Troubadour makes musical magic
Australian sharing reflections
Australia’s most famous musical export may well be the diesel-fuelled anthem rock of AC/DC, but there’s another facet to the country’s musical landscape.
Whether it’s the country’s isolation at the bottom of the world or the immensity of its spaces, Down Under seems to inspire a particularly reflective style of songwriting that permeates the work of singer-songwriters like Gotye and Colin Hay and groups like Midnight Oil and Crowded House.
Add the name Jordie Lane to that list.
The 26-year-old Melbourne native more than capably carries the standard forward during his first Canadian tour, which started in Halifax July 3 and winds up in Vancouver on Aug. 1.
Lane has been on the road almost constantly for the past eight years, backpacking around Southeast Asia, touring his native Australia and living rough in the Mojave Desert.

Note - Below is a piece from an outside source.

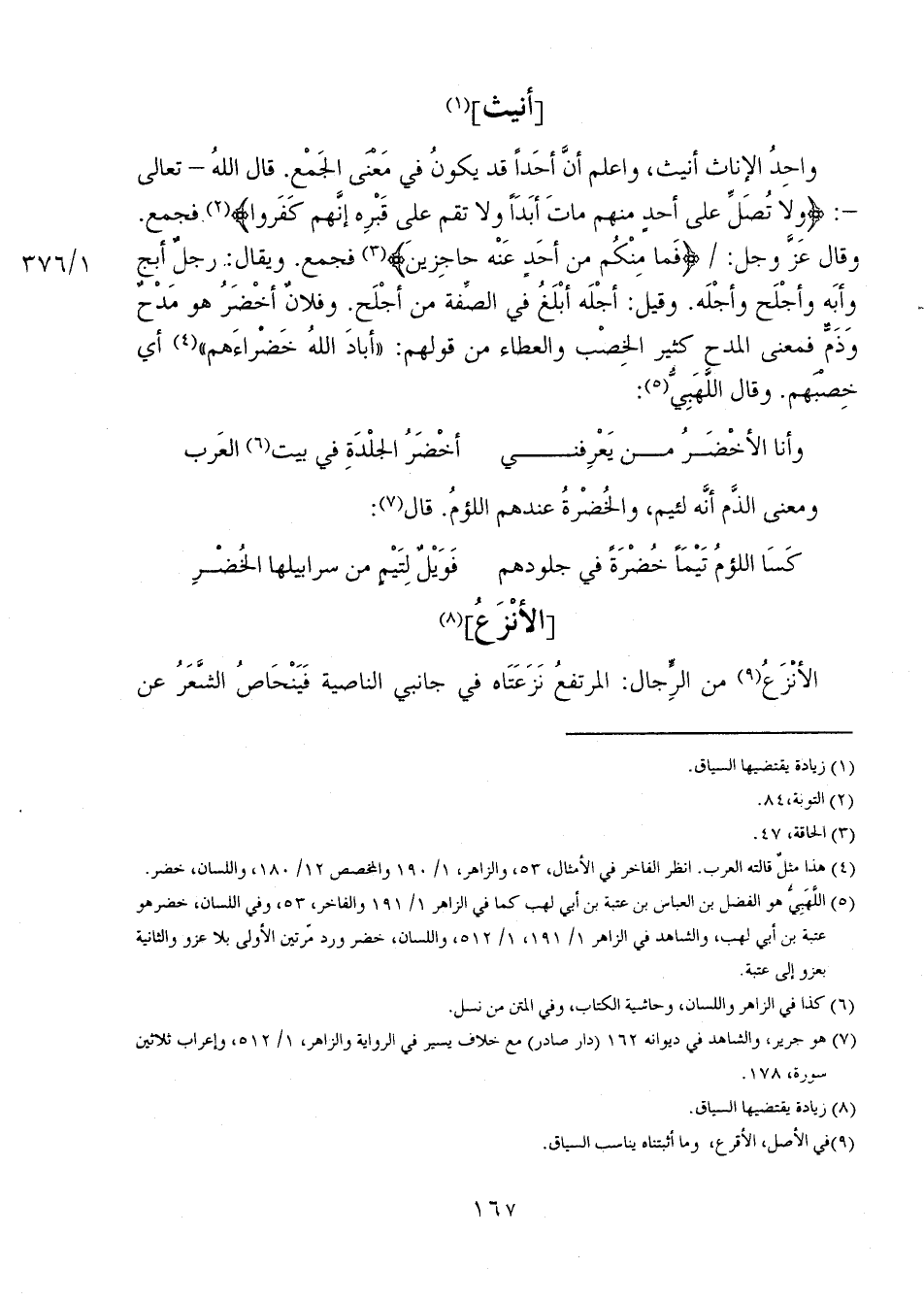 واحدُ الإناث أنيث، واعلم أنَّ أحداً قد يكون في معنى الجمع. قال الله - تعالى-: {وَلا تُصَلِّ عَلَى أَحَدٍ مِنْهُمْ مَاتَ أَبَداً وَلا تَقُمْ عَلَى قَبْرِهِ إِنَّهُمْ كَفَرُوا} فجمع. وقال عز وجل: 1/ 376 {فَمَا مِنْكُمْ مِنْ أَحَدٍ عَنْهُ حَاجِزِينَ} فجمع. ويقال: رجل أبجٍ وأبه وأجْلَح وأجْلَه. وقيل: أجْلَه أبْلَغُ في الصفة من أجْلَح. وفلانٌ أخضرُ هو مدحٌ وذمٍّ فمعنى المدح كثير الخصب والعطاء من قولهم: "أباد الله خضراءهم" أي خصبهم. وقال اللهبي: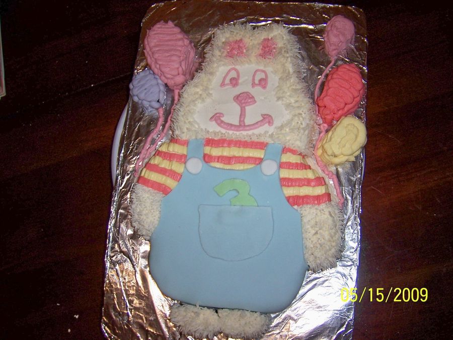 This is Max of Max and Ruby. The balloons, fur and shirt are covered with buttercream and the overalls are fondant.

Growing up in the Melbourne suburb of Thornbury, an unremarkable neighbourhood whose ordinariness sparked his creative imagination, Lane perfected his songwriting skills.
“In a funny way, it was being stuck in one place that first inspired me,” he says. “I began to be fascinated with country music and the myth of the wandering troubadour. It’s that classic thing — that yearning for something you don’t have, for experiences that you’ve only had in your mind.”